America's B-29 Superfortress: The Bomber That Wiped Out Imperial Japan

Warfare History Network

Key point: America bombed Japan into submission, and almost oblivion.

As the Japanese delegation stood on the deck of the battleship USS Missouri on September 2, 1945, preparing to sign the documents that ended World War II, a large formation of Boeing B-29 Superfortress heavy bombers swooped low over Tokyo Bay as a reminder of the terrible destruction that had befallen their nation and turned Japan’s cities into ruins. It was a reminder the Japanese really did not need—the bombed-out rubble and steadily smoking crematories around the country were evidence enough of the violent firestorm that had befallen the Land of the Rising Sun.

The national morale in Japan was so low that almost 70 percent of the people interviewed by U.S. military personnel after the surrender reported that they had reached the point where they were unable to endure one more day of war. Most Americans, especially the young soldiers and Marines who had been slated to invade the Japanese Home Islands of Kyushu and Honshu, believed that Japan surrendered because of the atomic bomb. They were wrong. In reality, the country had already been brought to its knees before the first atomic test at the Trinity Site in the New Mexico desert two months before. Japan had been destroyed by fire from above, fire that had largely been delivered from the bomb bays of an armada of Boeing B-29s.

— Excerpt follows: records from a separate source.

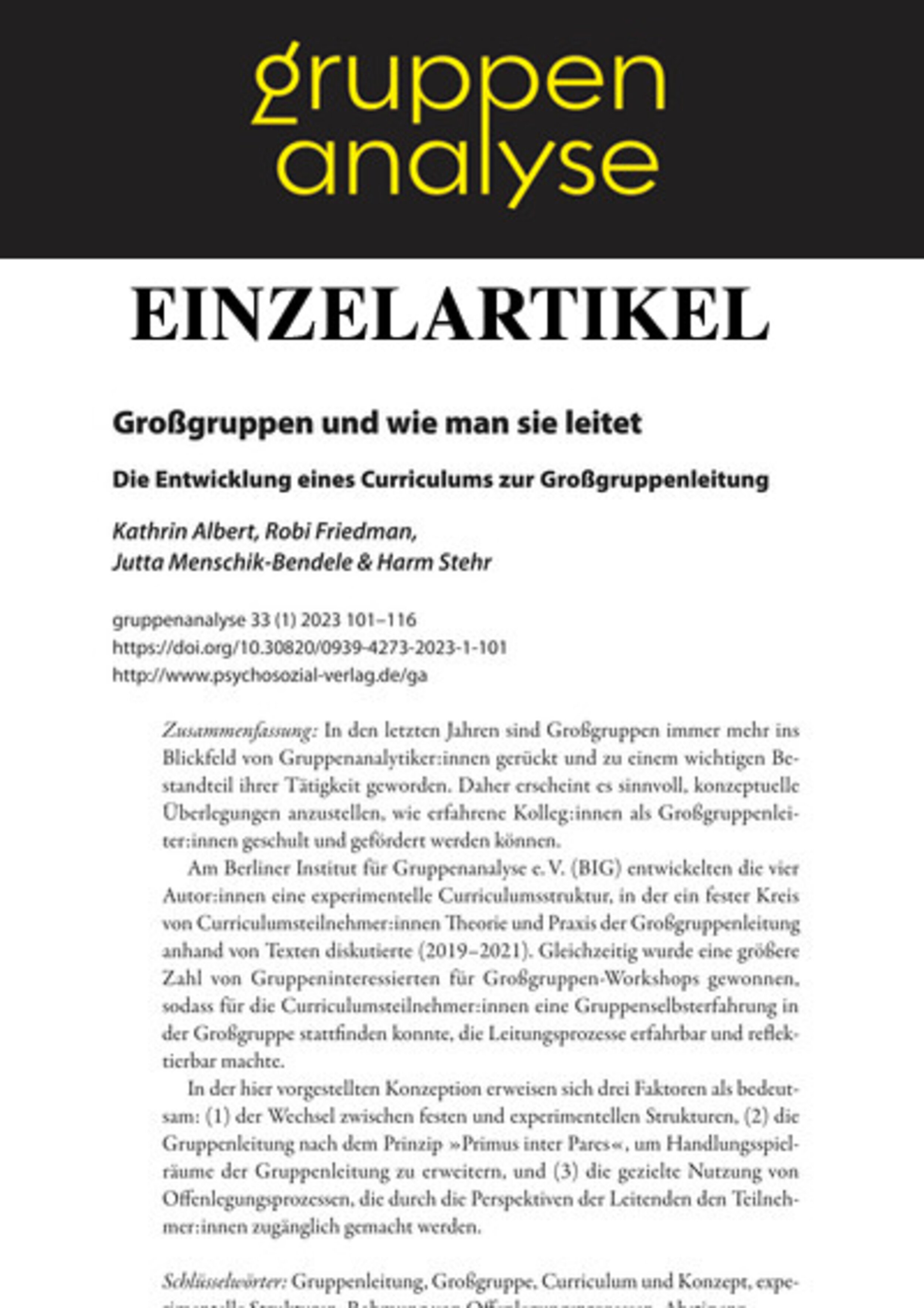 In recent years, large groups have increasingly come into the focus of group analysts and have become an important part of their work. It seems urgent to consider concepts with which experienced colleagues can be trained and supported as large group conductors. At the Berlin Institute for Group Analysis (BIG), the four authors developed an experimental curriculum structure in which a fixed group of curriculum participants discussed the theory and practice of large group facilitation on the basis of texts (2019–2021). At the same time, a larger number of people interested in large group workshops were recruited so that the curriculum participants could experience themselves in the large group and experience and reflect on conducting processes. In the concept presented here, three factors proved to be significant: (1) the alternation between fixed and experimental structures, (2) group leadership according to the principle of »primus inter pares« in order to expand the group leader’s scope of action, and (3) the targeted use of disclosure processes through which the perspectives of the conductors are made accessible to the participants.
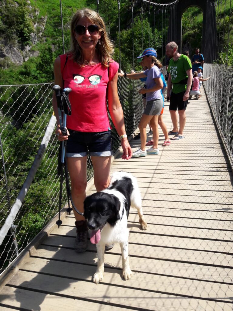 Vorig weekend zijn we er op uit geweest. Lang weekend Pyreneeën. We begonnen in Pau, wat een leuke, mooie stad is dat zeg en we hebben overnacht in een Chambre d’hôte aan de voet van de Pyreneeën. Op zaterdag zijn we de la Vallée d’Aspe (ken je wel van de Tour de France) afgereden, bergedorpjes bezocht, wandeling gemaakt en prachtige uitzichten. Het was een zeer warm weekend in Zuid Frankrijk en gelukkig iets koeler wat hogerop. De zondag heb ik met de bazin nog een lange wandeling gemaakt (de grote baas had last van zijn klusknie en is toch al niet zo’n berggeit). Prachtig langs beekjes en we kwamen uit bij een grote hangbrug, zo’n 180 meter boven het ravijn. Best wel hoog hoor.
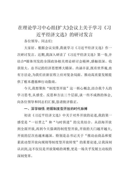 【七哥公文】2025年:在理论学习中心组(扩大)会议上关于学习《习近平经济文选》的研讨发言(1)+更多免费公文+VX:QiGeGongWen2024
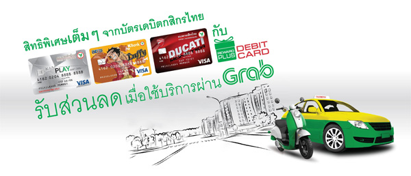 - ครั้งแรก ใช้ฟรี 100 บาท ใส่รหัส "KDEBITNEW" เมื่อชำระค่าบริการผ่านด้วย GrabPay เป็นครั้งแรก (จำกัด 1ครั้ง/ ท่าน จำกัด 35,000 สิทธิ์ตลอดโครงการ)
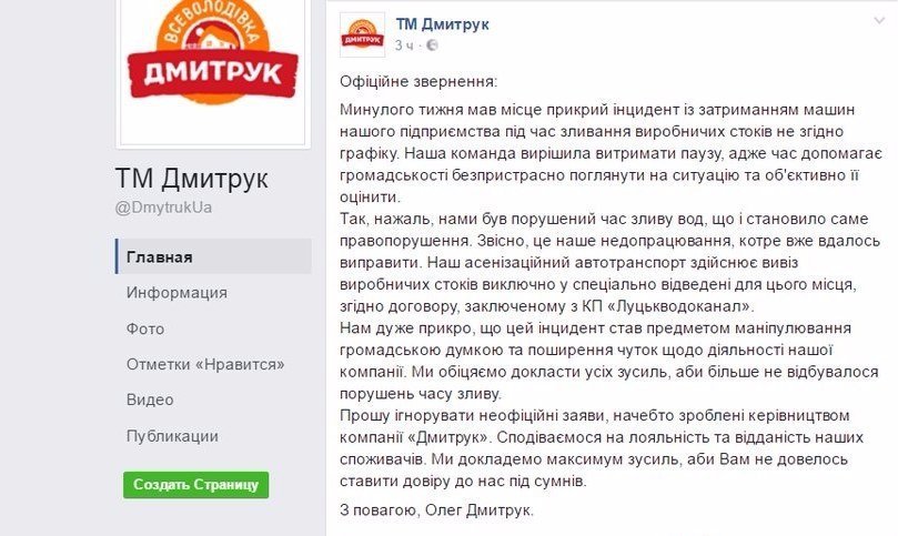 Прошу ігнорувати неофіційні заяви, начебто зроблені керівництвом компанії «Дмитрук». Сподіваємося на лояльність та відданість наших споживачів. Ми докладемо максимум зусиль, аби Вам не довелось ставити довіру до нас під сумнів", - йдеться у дописі.
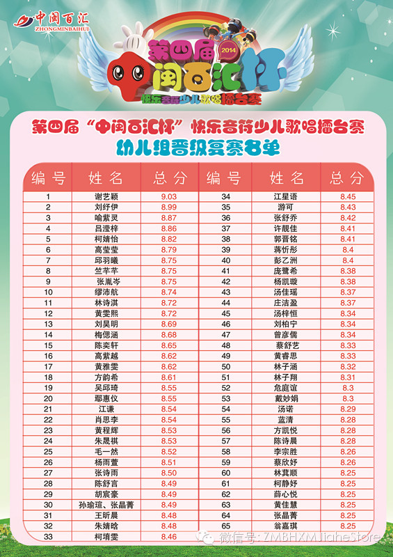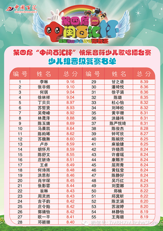 第四届中闽百汇杯快乐音符少儿歌唱擂台赛晋级复赛名单

The B-29 Deployment: A Political Decision

The B-29 had come to symbolize American air power by September 1945 because of the role it played in the final defeat of Japan, but the large four-engine bomber had originally been conceived as a weapon for use against Nazi Germany. The initial invitation for bid had been issued in the fall of 1940 as the War Department began preparing for a seemingly inevitable entrance into the war in Europe. Design problems and production delays kept the very long-range bomber out of service until it had become obvious that such range was no longer necessary against Germany. The first production B-29s began rolling off the assembly lines in mid-1943, prompting requests for the new bombers from commanders in each theater.